# YOUR OBJECTIVE
Skip the pictures and write out, word for word, the lines below from the one with "SISHION Королевский синий" through the one with "A lion hugging", inclusive.

# TASK DATA
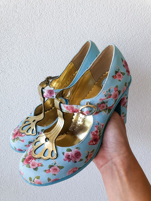 Blue and pink floral shoes
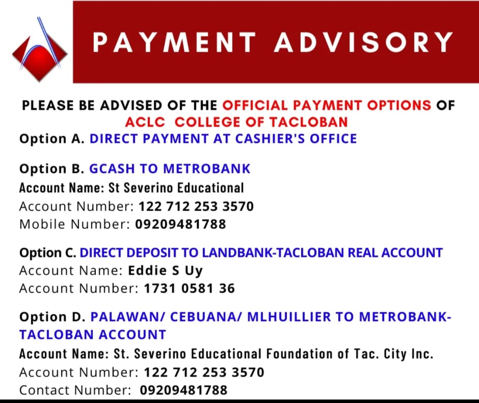 Address 352 Real St. Tacloban City, 6500 Contacts Email: admissionoffice_aclctacloban@yahoo.com Cell#: 0915 767 7449
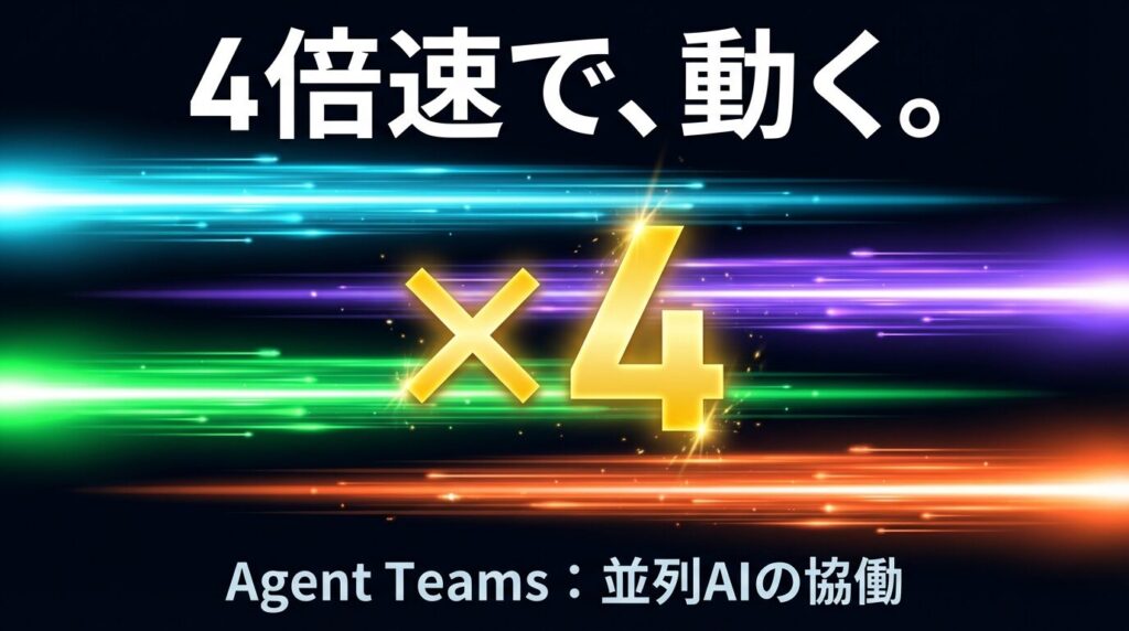 冒頭で紹介した「AIチームが一斉に動き出した」体験の正体がAgent Teamsです。
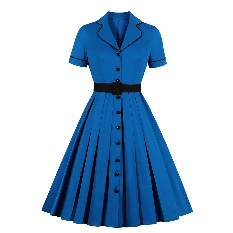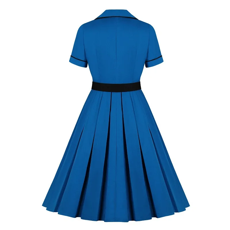 SISHION Королевский синий хлопок женское платье VD1361 халат летние хлопковые платья с коротким рукавом Качели 50s винтажное платье размера плюс с поясом
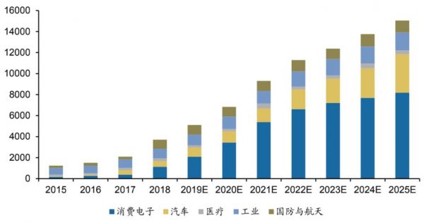 其中,智能手机领域的市场规模将从2019年的20.17亿美元增长至 2025年的81.65亿美元,年均复合增长率约为26%;汽车领域将从2019年的8.54亿美元增长至2025年的36.73亿美元,年均复合增长率约为28%。预计到2025 年,智能手机和汽车占总体市场规模的比例将分别达54%和25%。
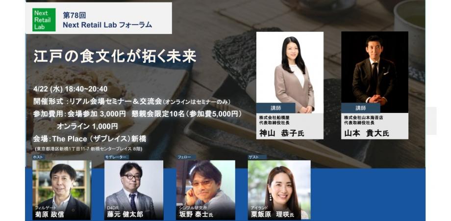 第78開催 Next Retail Lab フォーラム Next Retail Lab毎年恒例、老舗企業の方に登壇していただきます。今回のテーマは、「江戸の食文化が拓... powered by Peatix : More than a ticket.
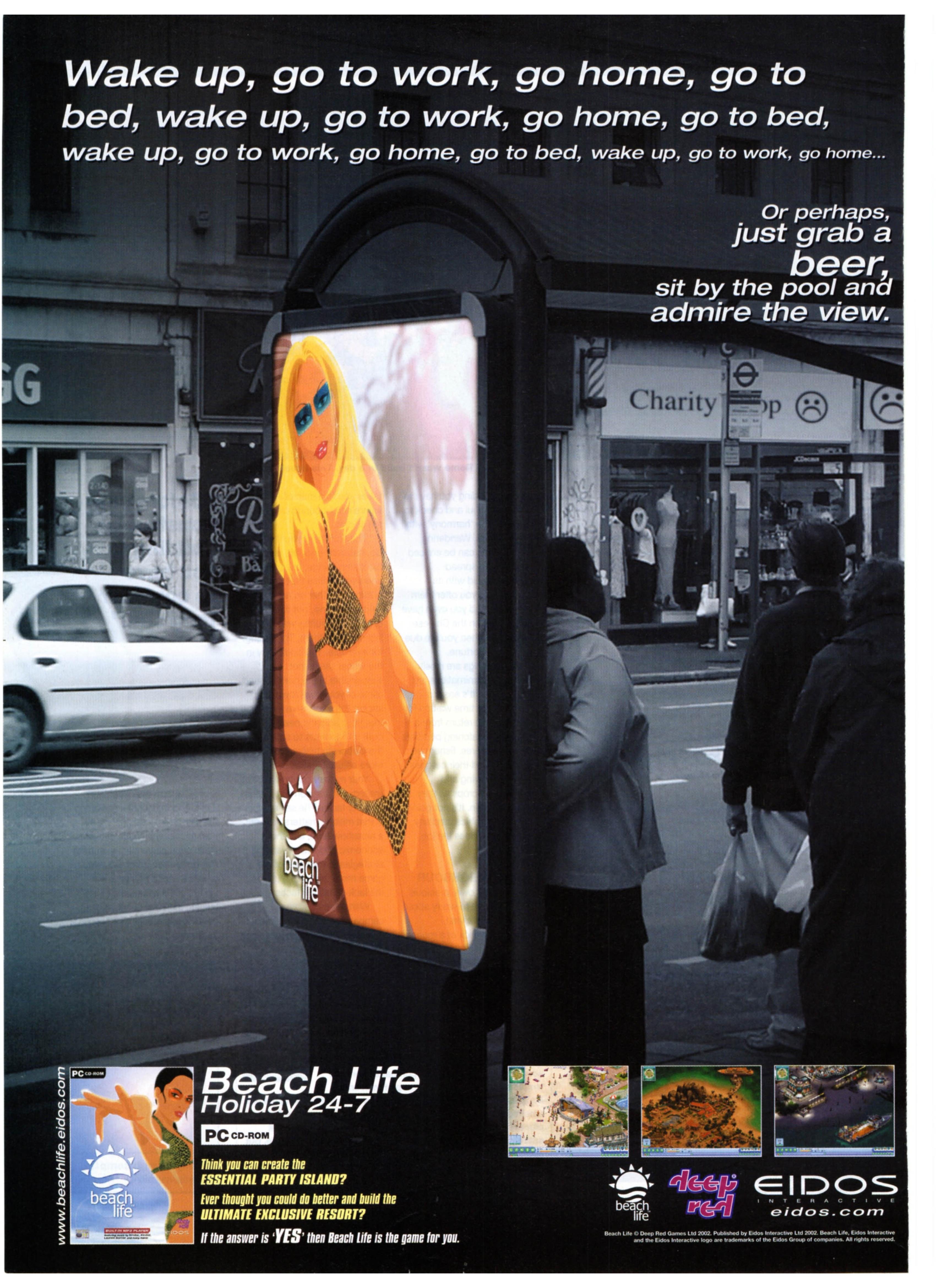 Of course, the fact that The Sims is still riding high in the charts two years on is definitely part of the motivation behind Beach Life. Livingstone, not one to miss out on a good business opportunity, makes this clear when he says, "young people in particular have a lot of fun on holiday. It seemed to me to be the perfect experience to simulate in a game. Cheap booze, loud music, romance, polluted water, mosquitoes, hot sun, beach volleyball and everything else will combine to create people-watching at its best". We especially like the bit about "young people in particular". He sounds like your grandad giving you a pound to go to the cinema. When Beach Life comes out in the summer we’re not expecting a classic, but if all goes well it could prove to be a pleasant surprise. After all, you don’t need to go on a Club 18-30 holiday to enjoy giving a bunch of tossers food poisoning.
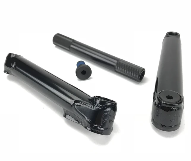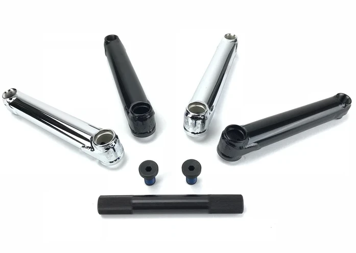 Wrap around gusset design. 3-pc tubular design with heat-treated swaged chromoly arms, 1-pc spindle/sprocket boss, 19mm hollow chromoly spindle with 48 splines and a single flush mount hollow spindle bolt.
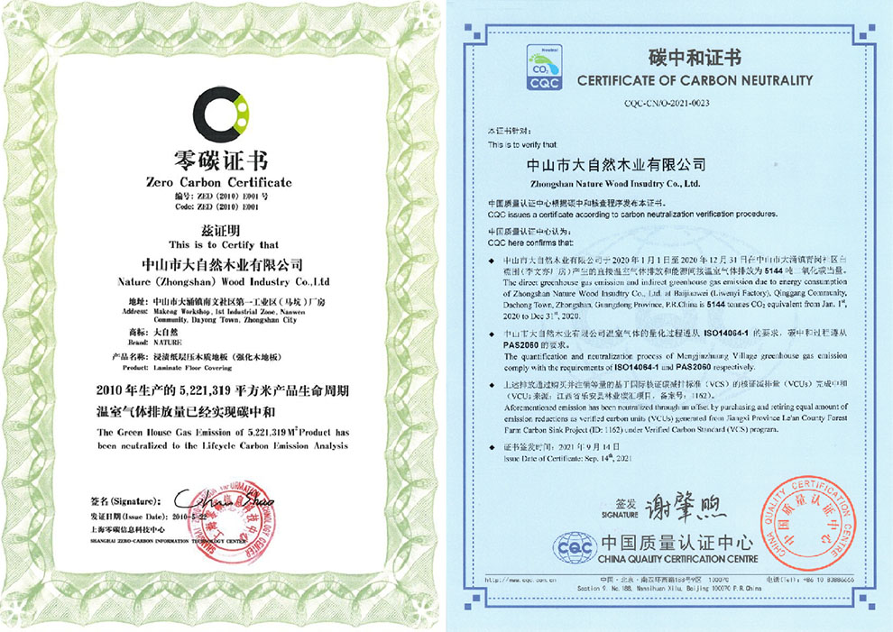 大自然家居始終堅持綠色低碳發展戰略。2021年9月14日,中國質量認證中心(CQC)向大自然家居頒發《碳中和證書》,標志著大自然家居成為行業首個實現碳中和的“燈塔”企業。早在2010年就推出了大自然“零碳”地板,通過采取改良生產工藝、優化物流布局、減少包裝材料等措施,實現生產過程碳排放量的控制與降低,獲得國際零碳專業委員會“碳中和”認證,同年鋪進了中國第一座零碳排放公共建筑——上海世博會零碳館。
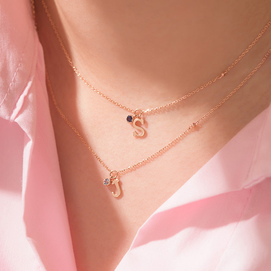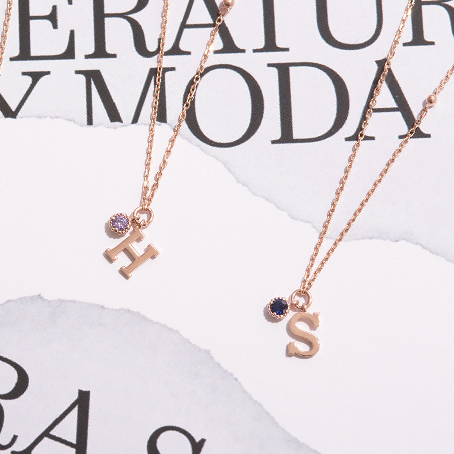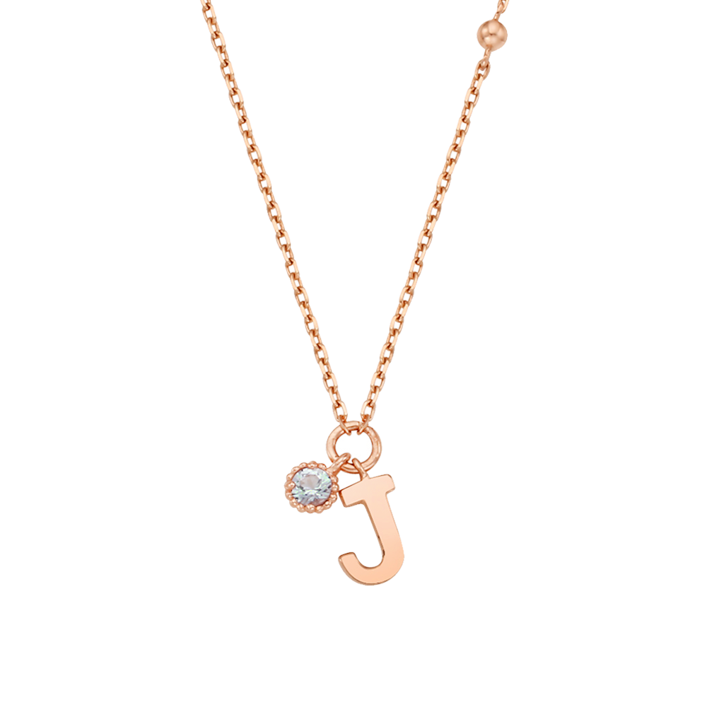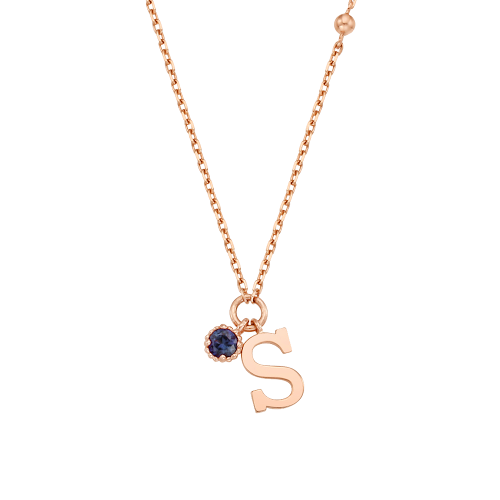 14k Rose Gold Birthstone My first Initial Necklace NJUM4034
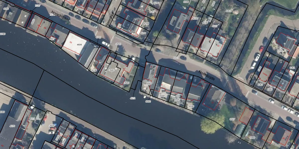 Noordzijde 5 is gelegen op kadastraal perceel BDG00B6593. Deze kadastrale aanduiding is uniek en wordt gebruikt door het Kadaster om eigendomsrechten en andere zakelijke rechten vast te leggen. Het perceel maakt onderdeel uit van de kadastrale gemeente Bodegraven.
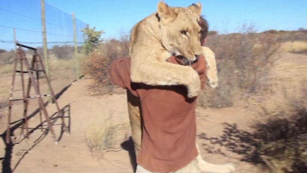 A lion hugging a human is definitely not something you see every day but for Valentin Gruener and Sirga the lion, it's their normal way to greet each other.
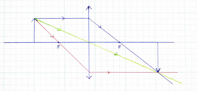 Obraz powstający za soczewką jest obrazem rzeczywistym. Dodatkowo widać, że jest większy od przedmiotu oraz odwrócony (grot strzałki).
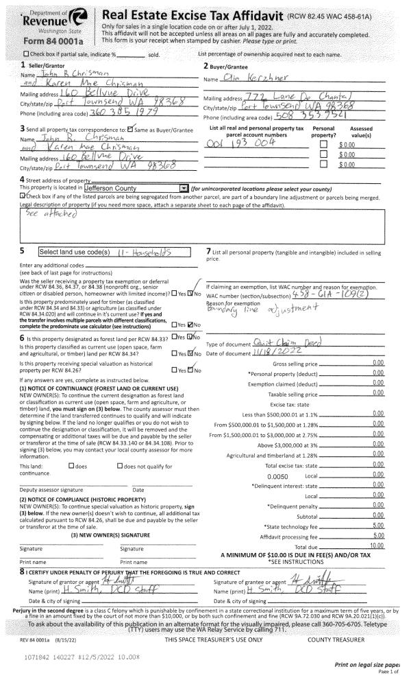 | 6 | 08/05/1994 | SWD | Statutory Warranty Deed | POPE RESOURCES | MERRITT, RICHARD A & RUTH A/TR | 0 | 0 | $147,000.00 | 74857 | 0 |
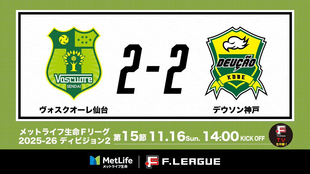 ✅試合終了🔥 🏆#メットライフ生命Fリーグ 2025-26 ディビジョン2 📍第15節 📅11.16 14:00 🆚仙台 2-2 神戸 🏟本山製作所青葉アリーナ 📺fleague.stores.play.jp/lives/3a559349… 【男女全試合配信→毎節1試合無料✨】 Fリーグ・女子Fリーグ観るなら #FリーグTV #フットサル #ついてこれるか #感動が加速する pic.x.com/uihXKBwnao
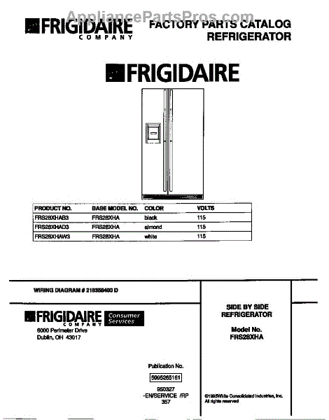 Parts for Frigidaire FRS28XHAD3: 01 - Cover Parts
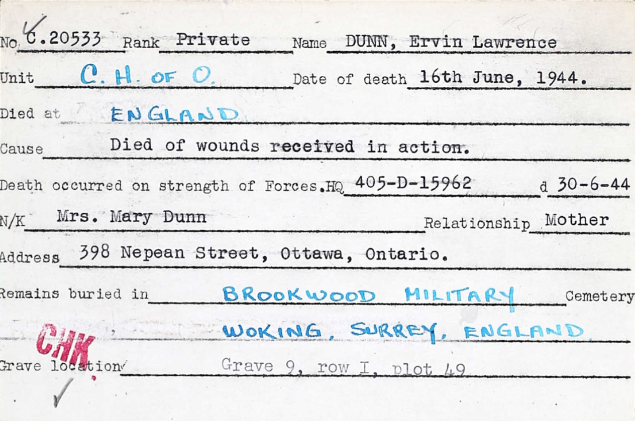 Galerie numérique de Soldat Ervin Lawrence Dunn
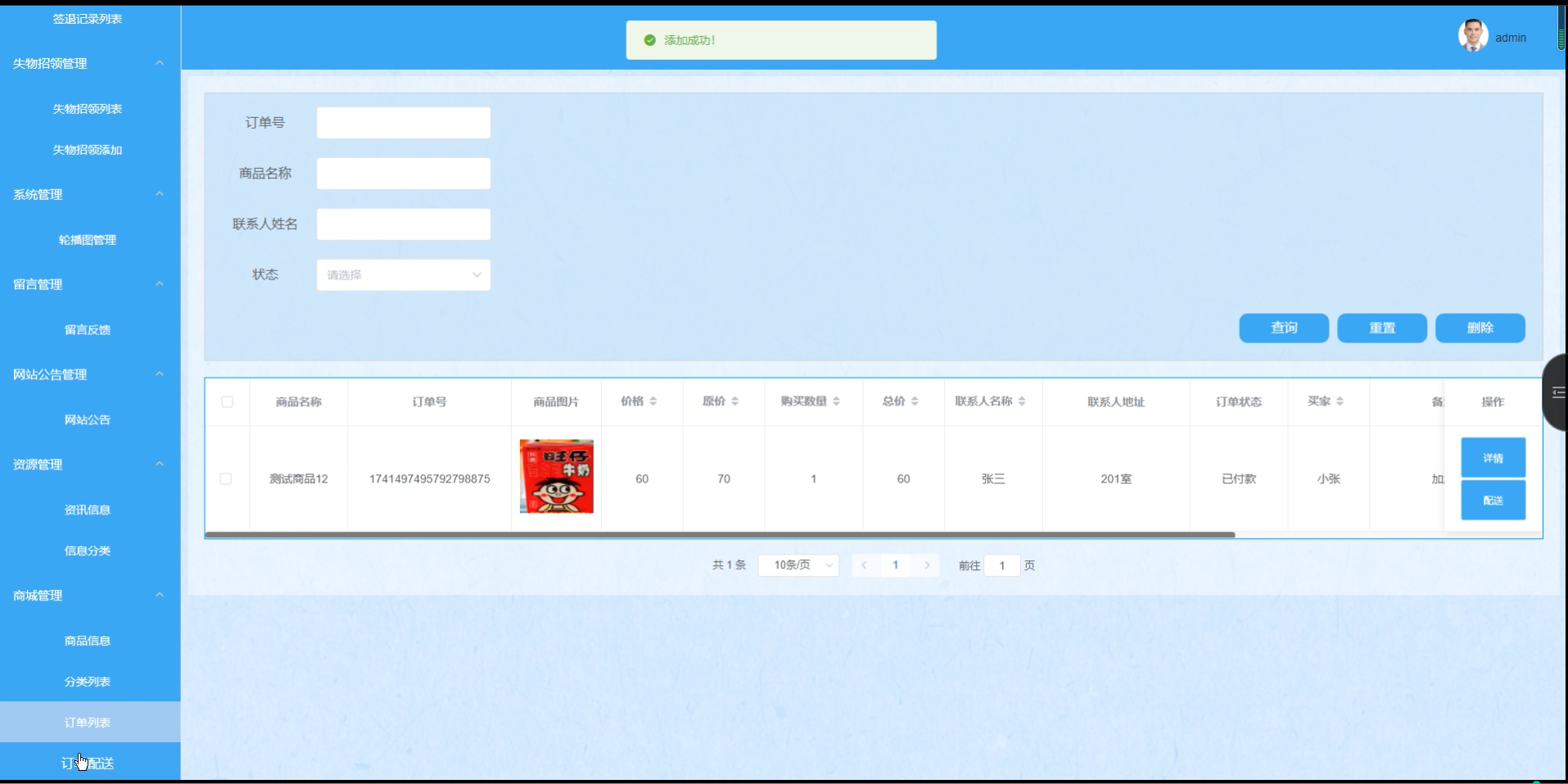 管理员可以查看所有接收到的订单,包括订单的详细信息、状态和用户信息。此功能允许管理员快速处理订单,进行发货、退款和修改等操作,确保交易的顺利进行。订单列表如下图所示。

# TASK OUTPUT
 SISHION Королевский синий хлопок женское платье VD1361 халат летние хлопковые платья с коротким рукавом Качели 50s винтажное платье размера плюс с поясом
 其中,智能手机领域的市场规模将从2019年的20.17亿美元增长至 2025年的81.65亿美元,年均复合增长率约为26%;汽车领域将从2019年的8.54亿美元增长至2025年的36.73亿美元,年均复合增长率约为28%。预计到2025 年,智能手机和汽车占总体市场规模的比例将分别达54%和25%。
 第78開催 Next Retail Lab フォーラム Next Retail Lab毎年恒例、老舗企業の方に登壇していただきます。今回のテーマは、「江戸の食文化が拓... powered by Peatix : More than a ticket.
 Of course, the fact that The Sims is still riding high in the charts two years on is definitely part of the motivation behind Beach Life. Livingstone, not one to miss out on a good business opportunity, makes this clear when he says, "young people in particular have a lot of fun on holiday. It seemed to me to be the perfect experience to simulate in a game. Cheap booze, loud music, romance, polluted water, mosquitoes, hot sun, beach volleyball and everything else will combine to create people-watching at its best". We especially like the bit about "young people in particular". He sounds like your grandad giving you a pound to go to the cinema. When Beach Life comes out in the summer we’re not expecting a classic, but if all goes well it could prove to be a pleasant surprise. After all, you don’t need to go on a Club 18-30 holiday to enjoy giving a bunch of tossers food poisoning.
 Wrap around gusset design. 3-pc tubular design with heat-treated swaged chromoly arms, 1-pc spindle/sprocket boss, 19mm hollow chromoly spindle with 48 splines and a single flush mount hollow spindle bolt.
 大自然家居始終堅持綠色低碳發展戰略。2021年9月14日,中國質量認證中心(CQC)向大自然家居頒發《碳中和證書》,標志著大自然家居成為行業首個實現碳中和的“燈塔”企業。早在2010年就推出了大自然“零碳”地板,通過采取改良生產工藝、優化物流布局、減少包裝材料等措施,實現生產過程碳排放量的控制與降低,獲得國際零碳專業委員會“碳中和”認證,同年鋪進了中國第一座零碳排放公共建筑——上海世博會零碳館。
 14k Rose Gold Birthstone My first Initial Necklace NJUM4034
 Noordzijde 5 is gelegen op kadastraal perceel BDG00B6593. Deze kadastrale aanduiding is uniek en wordt gebruikt door het Kadaster om eigendomsrechten en andere zakelijke rechten vast te leggen. Het perceel maakt onderdeel uit van de kadastrale gemeente Bodegraven.
 A lion hugging a human is definitely not something you see every day but for Valentin Gruener and Sirga the lion, it's their normal way to greet each other.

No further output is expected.